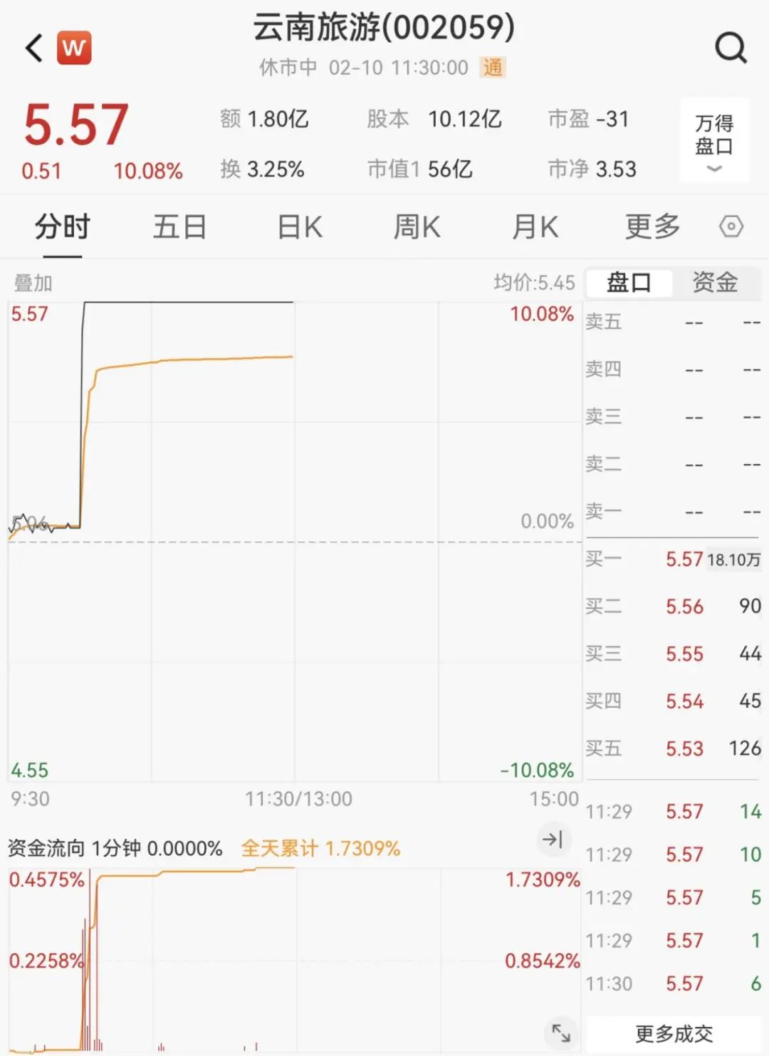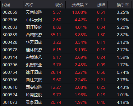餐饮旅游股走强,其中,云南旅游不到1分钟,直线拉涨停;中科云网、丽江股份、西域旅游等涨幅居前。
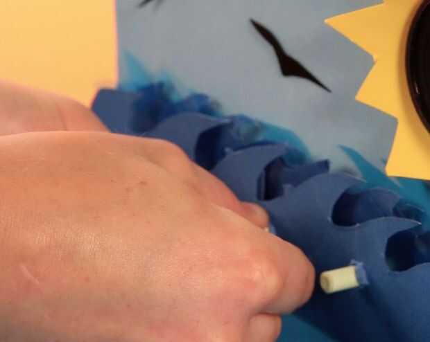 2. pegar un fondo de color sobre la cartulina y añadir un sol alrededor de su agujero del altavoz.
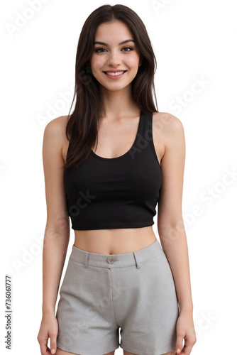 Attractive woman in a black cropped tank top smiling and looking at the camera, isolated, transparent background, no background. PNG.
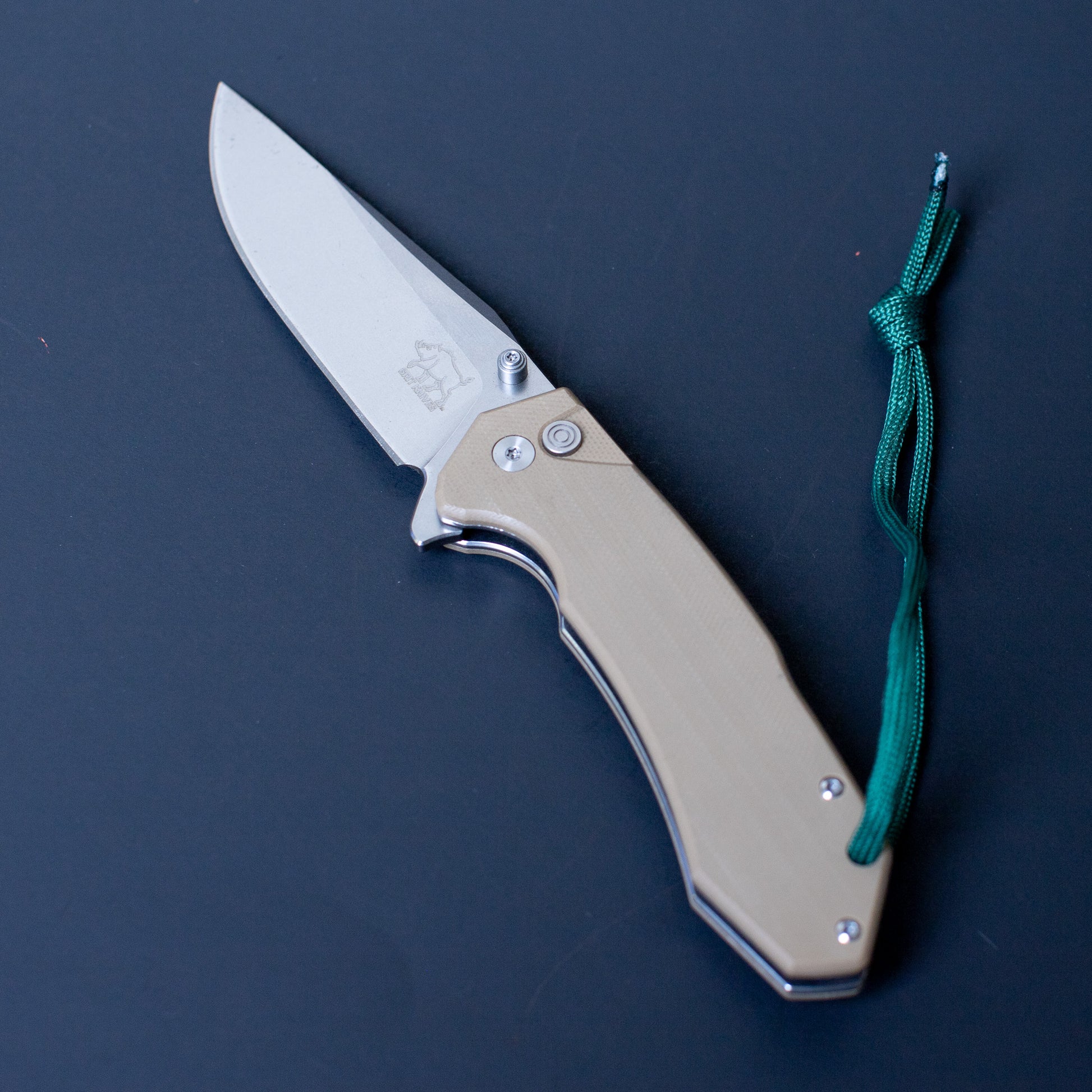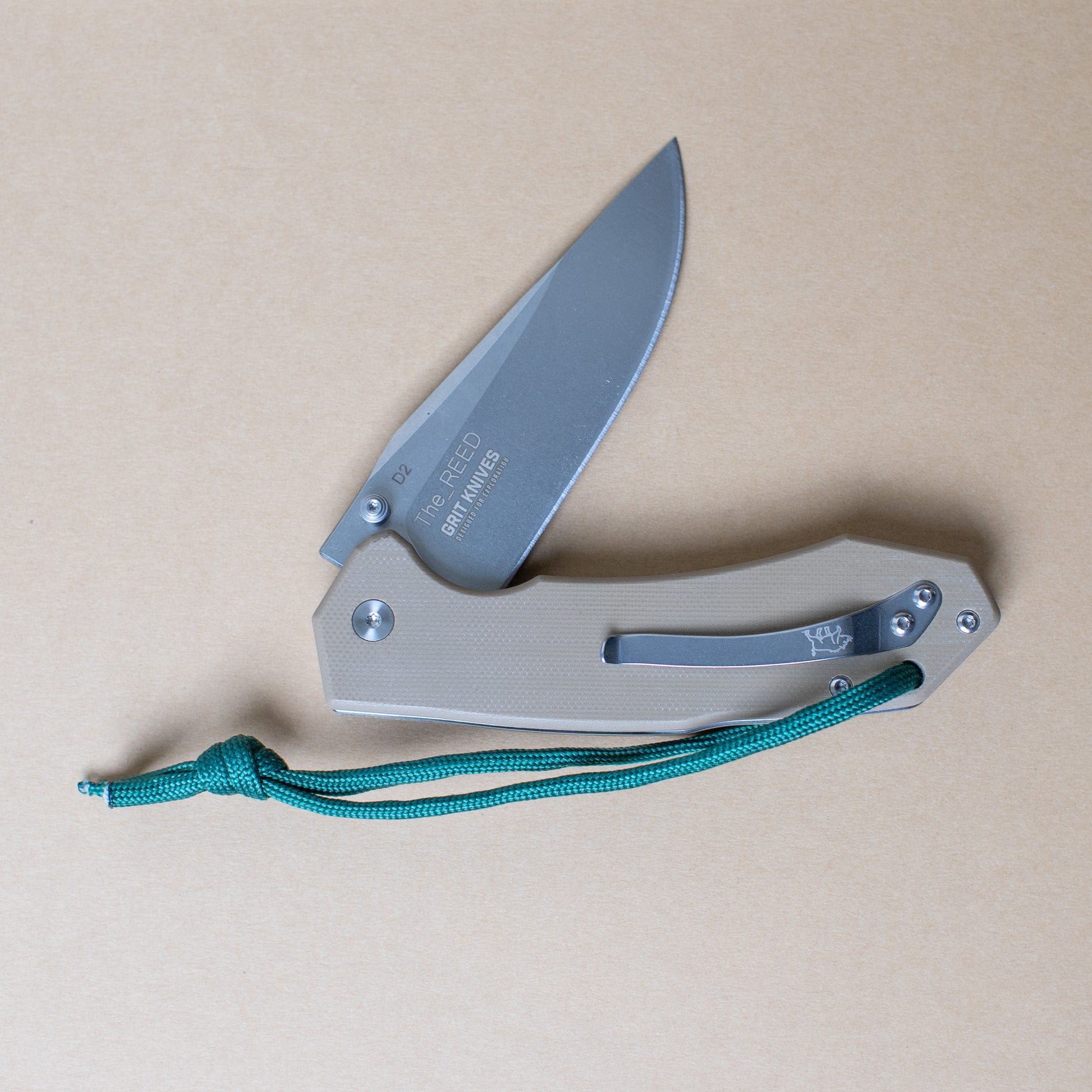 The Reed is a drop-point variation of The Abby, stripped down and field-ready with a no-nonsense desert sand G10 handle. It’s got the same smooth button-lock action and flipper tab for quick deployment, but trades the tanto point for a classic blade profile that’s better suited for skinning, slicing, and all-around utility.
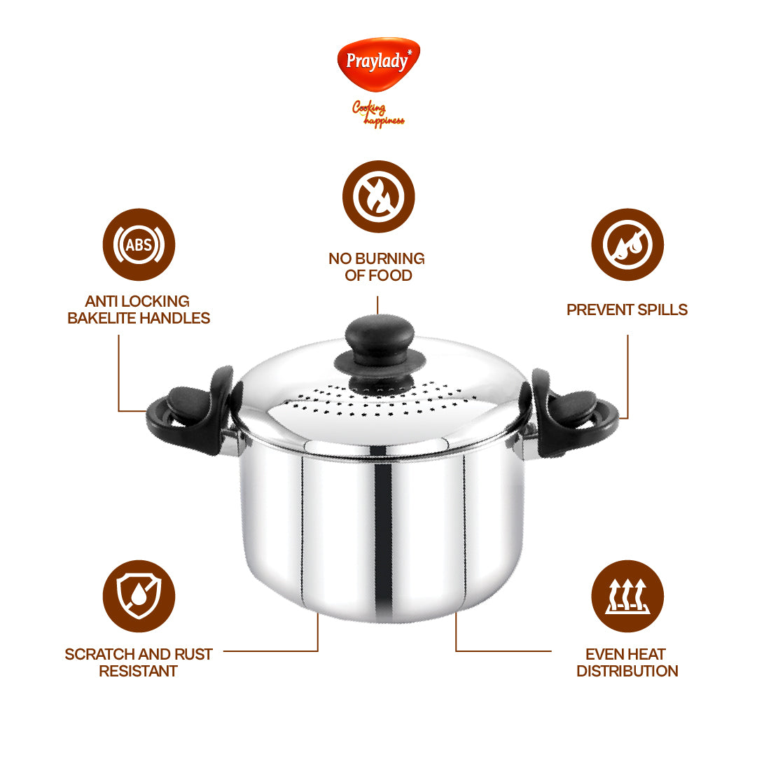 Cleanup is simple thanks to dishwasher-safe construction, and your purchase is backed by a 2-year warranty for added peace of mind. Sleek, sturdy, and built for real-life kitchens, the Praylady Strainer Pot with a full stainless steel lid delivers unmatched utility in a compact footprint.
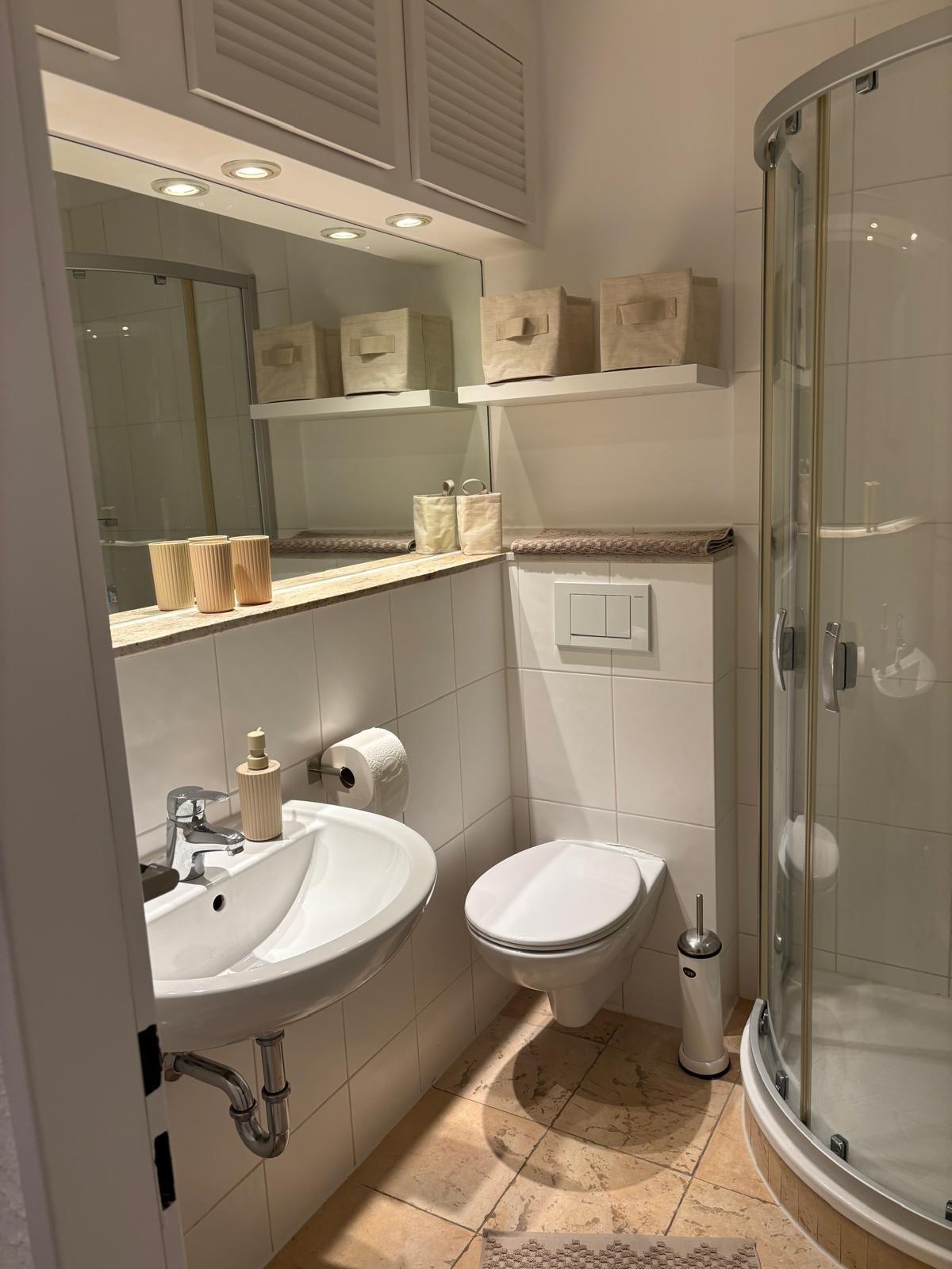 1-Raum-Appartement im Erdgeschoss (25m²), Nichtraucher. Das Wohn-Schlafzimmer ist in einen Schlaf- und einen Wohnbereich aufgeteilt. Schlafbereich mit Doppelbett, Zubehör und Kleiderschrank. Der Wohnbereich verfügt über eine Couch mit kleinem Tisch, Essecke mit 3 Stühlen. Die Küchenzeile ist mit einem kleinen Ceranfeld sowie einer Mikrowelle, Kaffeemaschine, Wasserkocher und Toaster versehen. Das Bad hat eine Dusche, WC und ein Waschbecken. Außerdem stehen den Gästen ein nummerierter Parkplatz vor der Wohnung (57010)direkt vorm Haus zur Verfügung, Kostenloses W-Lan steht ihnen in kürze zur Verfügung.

◆ **WHAT TO WORK ON**
Transcribe exactly the lines from the one containing "The Reed is" through the last line of the records above, and nothing else. Leave out the pictures.

◆ **ANSWER FOR THIS EXERCISE**
 The Reed is a drop-point variation of The Abby, stripped down and field-ready with a no-nonsense desert sand G10 handle. It’s got the same smooth button-lock action and flipper tab for quick deployment, but trades the tanto point for a classic blade profile that’s better suited for skinning, slicing, and all-around utility.
 Cleanup is simple thanks to dishwasher-safe construction, and your purchase is backed by a 2-year warranty for added peace of mind. Sleek, sturdy, and built for real-life kitchens, the Praylady Strainer Pot with a full stainless steel lid delivers unmatched utility in a compact footprint.
 1-Raum-Appartement im Erdgeschoss (25m²), Nichtraucher. Das Wohn-Schlafzimmer ist in einen Schlaf- und einen Wohnbereich aufgeteilt. Schlafbereich mit Doppelbett, Zubehör und Kleiderschrank. Der Wohnbereich verfügt über eine Couch mit kleinem Tisch, Essecke mit 3 Stühlen. Die Küchenzeile ist mit einem kleinen Ceranfeld sowie einer Mikrowelle, Kaffeemaschine, Wasserkocher und Toaster versehen. Das Bad hat eine Dusche, WC und ein Waschbecken. Außerdem stehen den Gästen ein nummerierter Parkplatz vor der Wohnung (57010)direkt vorm Haus zur Verfügung, Kostenloses W-Lan steht ihnen in kürze zur Verfügung.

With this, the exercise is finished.